Instructions for the task — Output each record below exactly. No images go in the copy.

Input for this task Block Start

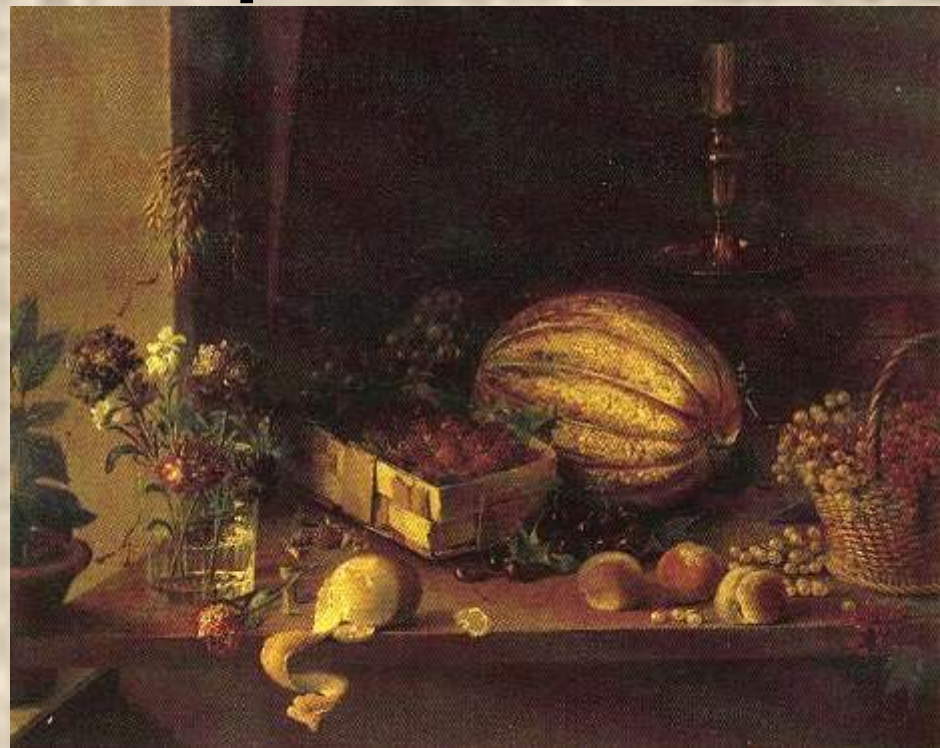
И. Т. Хруцкий «Цветы и плоды»
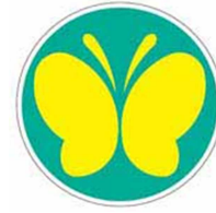
【聴覚障害者標識】 所管：警察庁
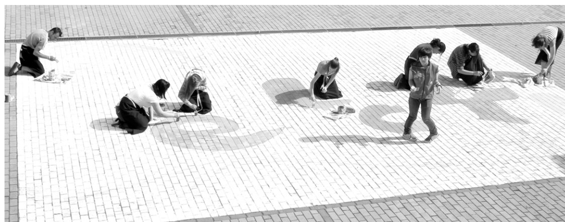
Készítik az iskola címerét az udvaron
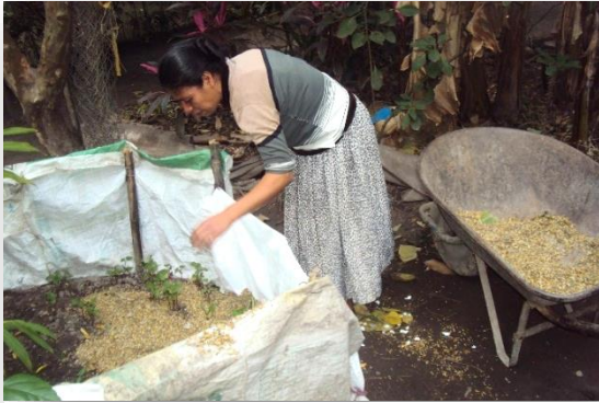
Foto 9. Huerto en casa como parte de las actividades de los programas sociales.

En la temporada de 2014-2015, la clínica de salud hizo una campaña de limpieza de caries dental con la misión de certificar a la comunidad; en ella se comprometieron a atender a sus habitantes y a comunidades aledañas que pertenecen al sector. En esta organización, las personas eran apoyadas por las promotoras voluntarias, para fomentar la comunicación y recordar la asistencia puntual del paciente a la clínica, y los dentistas y médicos llevaban un control de citas.
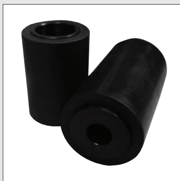
Rodillos de goma frontal y posterior
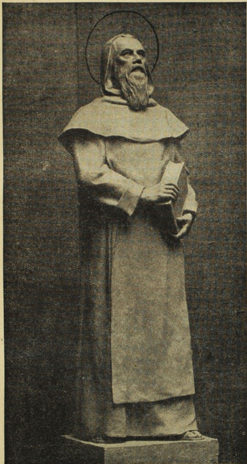
Vastagh Éva: Szent Özséb
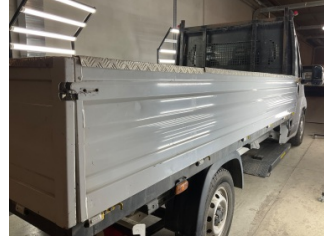
Kaporta, Kaporta > Ezik
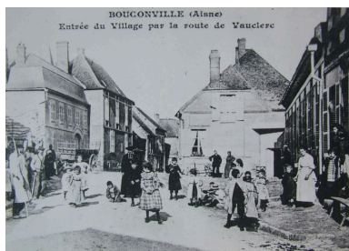
Vue ancienne d'une rue du village (coll. part). IVR22_20030203038NUCAB
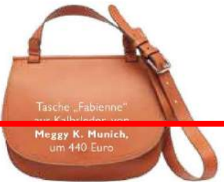
Tasche „Fabienne“ aus Kalfellen, von Meggy K. Munich , um 440 Euro
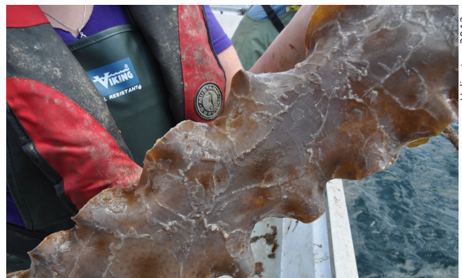
Figure 7. Infestation d'une fronde de laminaire sucrée ( Saccharina latissima ) par les colonies du bryzoaire envahissant Membranipora membranacea sur une ferme d'algoculture, en juillet 2012.

Le pourtour du golfe du Saint-Laurent, avec ses côtes rocheuses, abrite de nombreux champs d'algues qui jouent un rôle essentiel dans le fonctionnement de l'écosystème. La partie québécoise du golfe est considérée comme un environnement de transition boréal-subarctique et, à ce titre, elle possède des particularités qui la différencient des autres régions côtières de l'Atlantique Nord. En effet, dans l'ÉMSL l'action récurrente des glaces d'hiver et l'abondance des oursins sont 2 facteurs majeurs qui contrôlent la répartition et l'abondance des algues dans l'étage intertidal et infralittoral. Les champs d'algues de l'ÉMSL contiennent aussi en abondance plusieurs
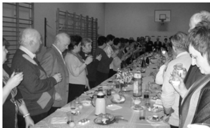
Opłatkowe spotkanie nowowiejskich emerytów

Input for this task Block End

The answer —
И. Т. Хруцкий «Цветы и плоды»
【聴覚障害者標識】 所管：警察庁
Készítik az iskola címerét az udvaron
Foto 9. Huerto en casa como parte de las actividades de los programas sociales.

En la temporada de 2014-2015, la clínica de salud hizo una campaña de limpieza de caries dental con la misión de certificar a la comunidad; en ella se comprometieron a atender a sus habitantes y a comunidades aledañas que pertenecen al sector. En esta organización, las personas eran apoyadas por las promotoras voluntarias, para fomentar la comunicación y recordar la asistencia puntual del paciente a la clínica, y los dentistas y médicos llevaban un control de citas.
Rodillos de goma frontal y posterior
Vastagh Éva: Szent Özséb
Kaporta, Kaporta > Ezik
Vue ancienne d'une rue du village (coll. part). IVR22_20030203038NUCAB
Tasche „Fabienne“ aus Kalfellen, von Meggy K. Munich , um 440 Euro
Figure 7. Infestation d'une fronde de laminaire sucrée ( Saccharina latissima ) par les colonies du bryzoaire envahissant Membranipora membranacea sur une ferme d'algoculture, en juillet 2012.

Le pourtour du golfe du Saint-Laurent, avec ses côtes rocheuses, abrite de nombreux champs d'algues qui jouent un rôle essentiel dans le fonctionnement de l'écosystème. La partie québécoise du golfe est considérée comme un environnement de transition boréal-subarctique et, à ce titre, elle possède des particularités qui la différencient des autres régions côtières de l'Atlantique Nord. En effet, dans l'ÉMSL l'action récurrente des glaces d'hiver et l'abondance des oursins sont 2 facteurs majeurs qui contrôlent la répartition et l'abondance des algues dans l'étage intertidal et infralittoral. Les champs d'algues de l'ÉMSL contiennent aussi en abondance plusieurs
Opłatkowe spotkanie nowowiejskich emerytów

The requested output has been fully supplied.